A 2009 study from Canada backs this up by investigating the periods of rest in different groups who both exercised the same amount per day. The more inactive group ended up having higher risks for cardiovascular disease, for some of which could be fatal. Over 17,000 Canadiens participated in the multi-part study done by the Pennington Biomedical Research Center. Scientists studied the length of seated time and theorized that for the group that sat the most, these people were around 50 percent more likely to die in the years allowed for the follow-up process. Although some of the people in this group were obese, the scientists controlled for factors like smoking, age, health problems, alcohol consumption, and weight between the groups.

Sitting for more than four hours—the minimum period of inactivity the scientists deemed more dangerous—they found that allowing the body to become sloppy can lead to a problematic production of lipase, the enzyme secreted by the pancreas that breaks down the fat molecules of your body.

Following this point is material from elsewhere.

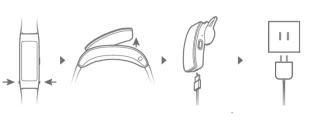 b.手环未配备充电器,充电器规格可以是5V/0.5A、5V/1A、5V/1.5A、5V/2A,不建议使用移动电源进行充电。

Another study—just released recently in the British Journal of Sports Medicine—from the Karolinska Institute and the Swedish School of Sport and Health, supports the Canadiens in their research and went so far as to compare groups of working individuals throughout the work day at an office who were able to take multiple breaks and have the chance to get up and walk around versus a different group who barely moves all day where the employees sit primarily at a desk with the same results: higher chance of daring your body to develop a serious disease from an unhealthy habit, which can even lead to cancer.

These studies may be a wake-up call to some people while others will understand the need to get up off the couch and drop the remote but are not sure how to become motivated. Here are some fun or different ways to put a little more sweat on your brow whether during a stressful work week or relaxing full weekend: Organize a walk with friends or office mates and stick to a routine; take the stairs instead of the elevator or run up and down the stairs a few times every hour or so; stand in the break room while chatting or visit coworkers; place items out of your reach that you may need throughout the day so you will have to get up to use them; or, have the whole family take the dog on a walk and play a word game to keep you busy.

With endless possibilities, there is no end to the ways you can motivate yourself to get on your feet more and off your bottom. If only someone would find a smart and easy way to type while walking on a treadmill.